Gear unit having a first and a second housing part

Abstract

A gear unit is described as having a first and a second housing part, an intermediate shaft of the gear unit being mounted via two bearings in a bushing accommodating the bearings, the bushing centering the first housing part against the second housing part.

Claims

1. A gear unit, comprising: a housing including a first housing part and a second housing part; a bushing; and two bearings accommodated in the bushing and adapted to rotatably support a shaft in the housing; wherein the bushing is at least partially interference-fit to the first housing part and at least partially slip-fit to the second housing part.

2. The gear unit according to claim 1, wherein the bushing centers the first housing part against the second housing part.

3. The gear unit according to claim 1, wherein the bushing is at least partially slip-fit to the first housing part and at least partially interference-fit to the second housing part.

4. The gear unit according to claim 1, wherein the bushing projects at least partially from the first housing part.

5. The gear unit according to claim 4, wherein a portion of the bushing that project from the first housing part is partially slip-fit to the second housing part and partially interference-fit to the second housing part.

6. The gear unit according to claim 1, wherein the bushing includes a first axial region arranged as a slip-fit region and a second axial region arranged as an interference-fit region.

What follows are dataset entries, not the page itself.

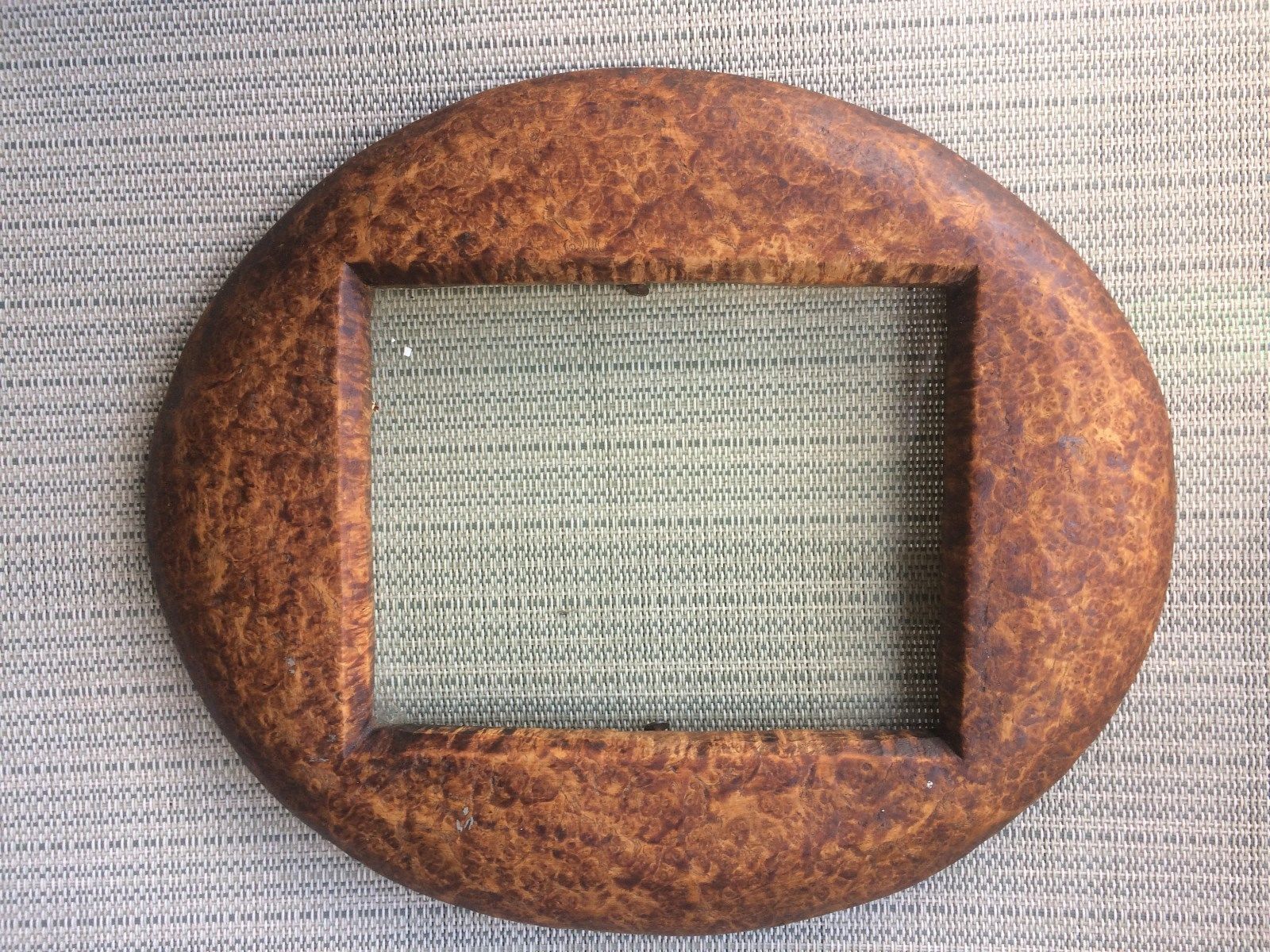 Title (ebay affiliate link): Antique Primitive Oval burl picture frame hand made 8x9 Holds 4.5 x 5.5 photo
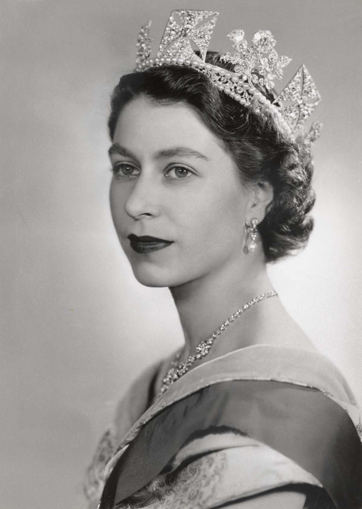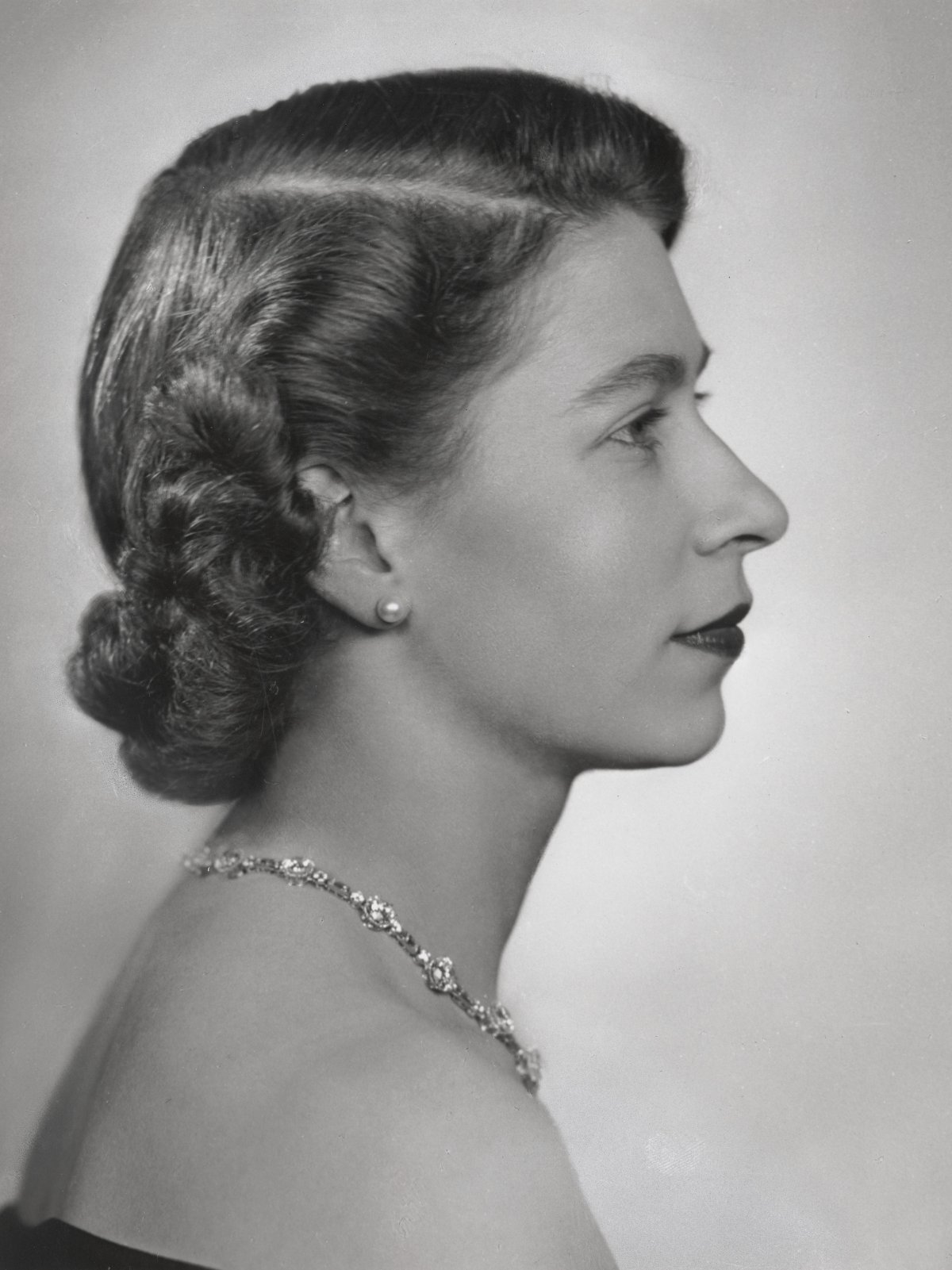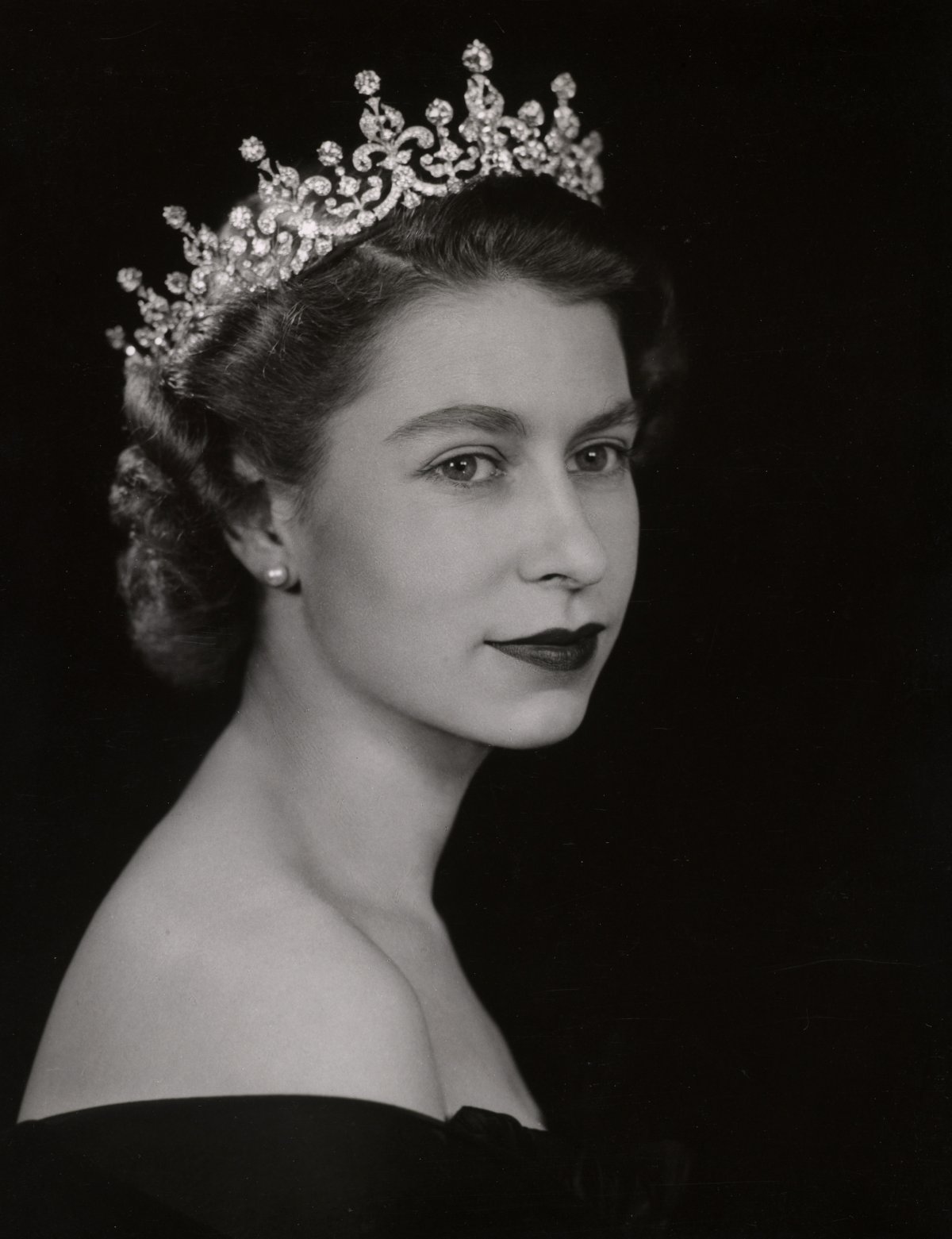 This iconic Wilding portrait was taken a few weeks later, on April 15, 1952. In the photograph, the Queen wears the George IV Diamond Diadem with the Bahrain Pearl Drop Earrings and the Nizam of Hyderabad Necklace.
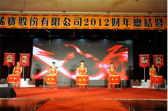 陽春四月,春染濟南,生機無限。2013年4月17日,“山東新稀寶股份有限公司2012財年總結暨表彰大會”在黃臺大酒店齊魯廳隆重開幕。來自醫(yī)藥事業(yè)部、電商事業(yè)部的全體精英以及后勤各職能部門、生產基地和孕嬰事業(yè)部的部分代表共計300余人參加了此次盛會。董事長湯傳忠先生、常務副總經理杜征國先生、副總經理鄭朝霞女士及其他高層領導共同見證了這一盛舉。會場內充滿了濃濃“旌旗獵獵會英雄,戰(zhàn)鼓隆隆震天地”的戰(zhàn)場古風,自信熱情的笑臉洋溢著新稀寶人火熱的激情,飄揚的戰(zhàn)旗、雷動的鼓聲展現(xiàn)了新稀寶人誰與爭鋒、舍我其誰的霸氣與豪情。
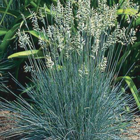 Tufted, very blue grass with spikes of violet flushed, blue-green flowers.

7. The gear unit according to claim 6, wherein the slip-fit region is arranged at an axial end region of the bushing and the interference-fit region is located axially inward of the slip-fit region.

8. The gear unit according to claim 1, wherein the bushing has an outer sleeve section that abuts against accommodation areas of the first and second housing parts.

9. The gear unit according to claim 1, wherein the bushing has an inner sleeve section which accommodates a first bearing in a first axial part and a second bearing in a second axial part, wherein a crosspiece segment is disposed axially between the first and second axial parts whose smallest radial distance is less than a smallest radial distance of the first axial part or the second axial part.

10. The gear unit according to claim 8, wherein the bushing has an inner sleeve section which accommodates a first bearing in a first axial part and a second bearing in a second axial part, wherein a crosspiece segment is disposed axially between the first and second axial parts whose smallest radial distance is less than a smallest radial distance of the first axial part or the second axial part.

11. The gear unit according to claim 10, wherein the inner sleeve section and the outer sleeve section are joined via support ribs that are set apart from each other.

12. The gear unit according to claim 11, wherein the support ribs are evenly spaced from each other in a circumferential direction.

13. The gear unit according to claim 1, wherein the bearings are tapered roller bearings in an O-configuration, an X-configuration, and/or a tandem configuration.

14. The gear unit according to claim 1, wherein: the intermediate shaft is joined in rotatably fixed manner to a first toothing part or has a corresponding toothing section, so that a first axial bearing is bounded axially by the toothing part or the toothing section; and on an opposite axial side of the bushing, a further toothing part is joined in a rotatably fixed manner to the intermediate shaft and bounds the other bearing axially.

15. The gear unit according to claim 14, wherein the further toothing part is bounded axially by a retaining ring.

16. The gear unit according to claim 1, wherein the bushing is pressed into an accommodation area of the first housing part and into an accommodation area, situated coaxially relative to the accommodation area of the first part, of the second housing part.

17. The gear unit according to claim 1, wherein the first and second housing parts are imperviously joined.

18. The gear unit according to claim 16, wherein an annular spatial area adapted to receive adhesive is located between one of the housing parts and the bushing.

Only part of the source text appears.